▶ TASK DETAILS: Could you copy every record below exactly, leaving out the pictures?

▶ DATA TO USE:

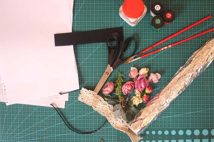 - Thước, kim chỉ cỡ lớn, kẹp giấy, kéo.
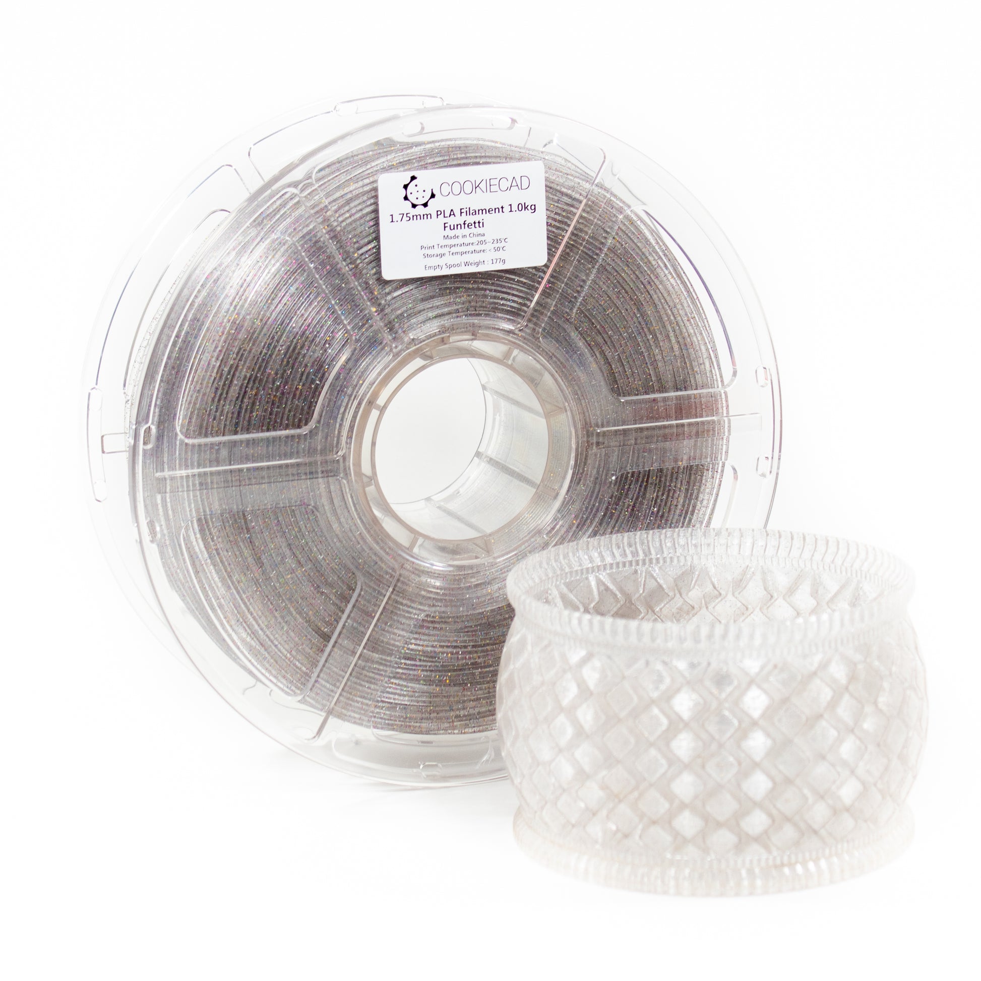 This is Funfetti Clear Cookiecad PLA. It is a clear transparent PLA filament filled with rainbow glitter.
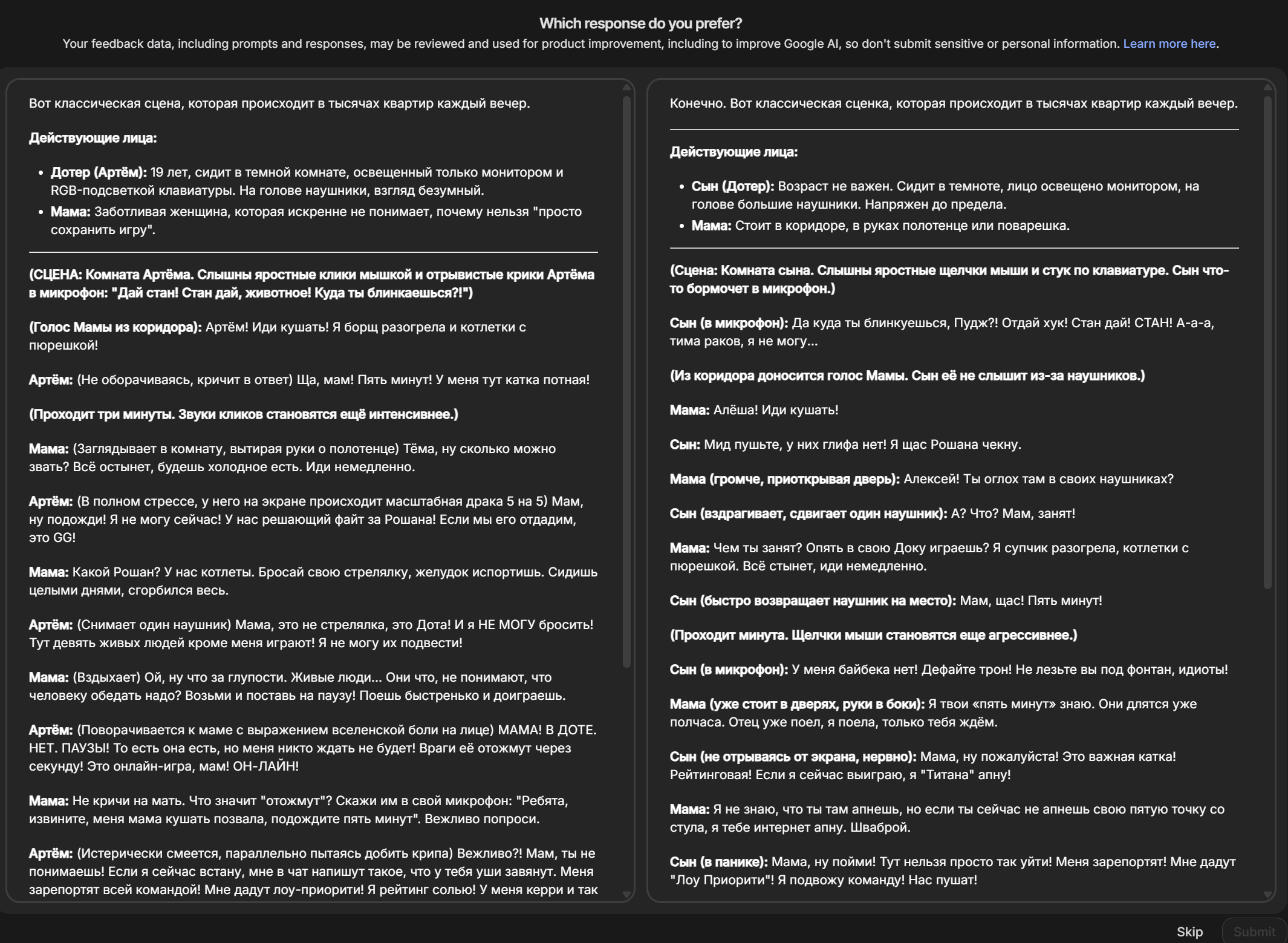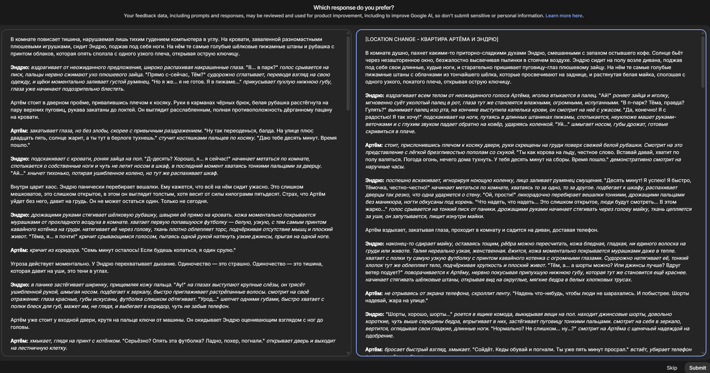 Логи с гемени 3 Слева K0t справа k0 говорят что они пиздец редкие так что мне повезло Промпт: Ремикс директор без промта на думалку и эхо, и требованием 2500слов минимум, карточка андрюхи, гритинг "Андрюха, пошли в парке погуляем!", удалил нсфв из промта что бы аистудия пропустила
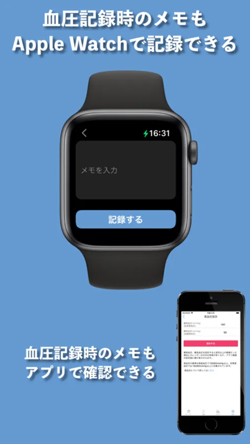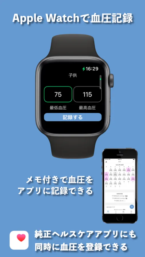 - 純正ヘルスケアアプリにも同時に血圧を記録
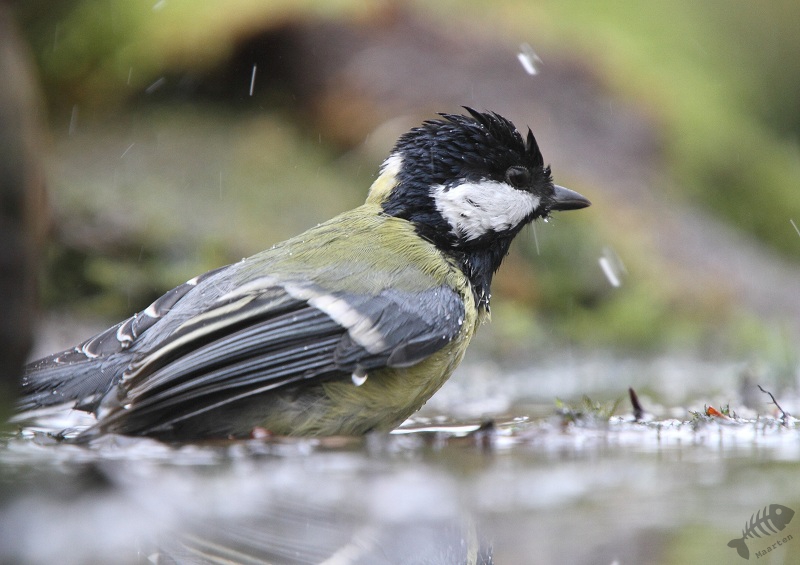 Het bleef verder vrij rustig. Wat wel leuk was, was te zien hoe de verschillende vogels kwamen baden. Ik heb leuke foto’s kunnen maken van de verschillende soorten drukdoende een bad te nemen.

▶ RESULT OF THIS EXERCISE:
 - Thước, kim chỉ cỡ lớn, kẹp giấy, kéo.
 This is Funfetti Clear Cookiecad PLA. It is a clear transparent PLA filament filled with rainbow glitter.
 Логи с гемени 3 Слева K0t справа k0 говорят что они пиздец редкие так что мне повезло Промпт: Ремикс директор без промта на думалку и эхо, и требованием 2500слов минимум, карточка андрюхи, гритинг "Андрюха, пошли в парке погуляем!", удалил нсфв из промта что бы аистудия пропустила
 - 純正ヘルスケアアプリにも同時に血圧を記録
 Het bleef verder vrij rustig. Wat wel leuk was, was te zien hoe de verschillende vogels kwamen baden. Ik heb leuke foto’s kunnen maken van de verschillende soorten drukdoende een bad te nemen.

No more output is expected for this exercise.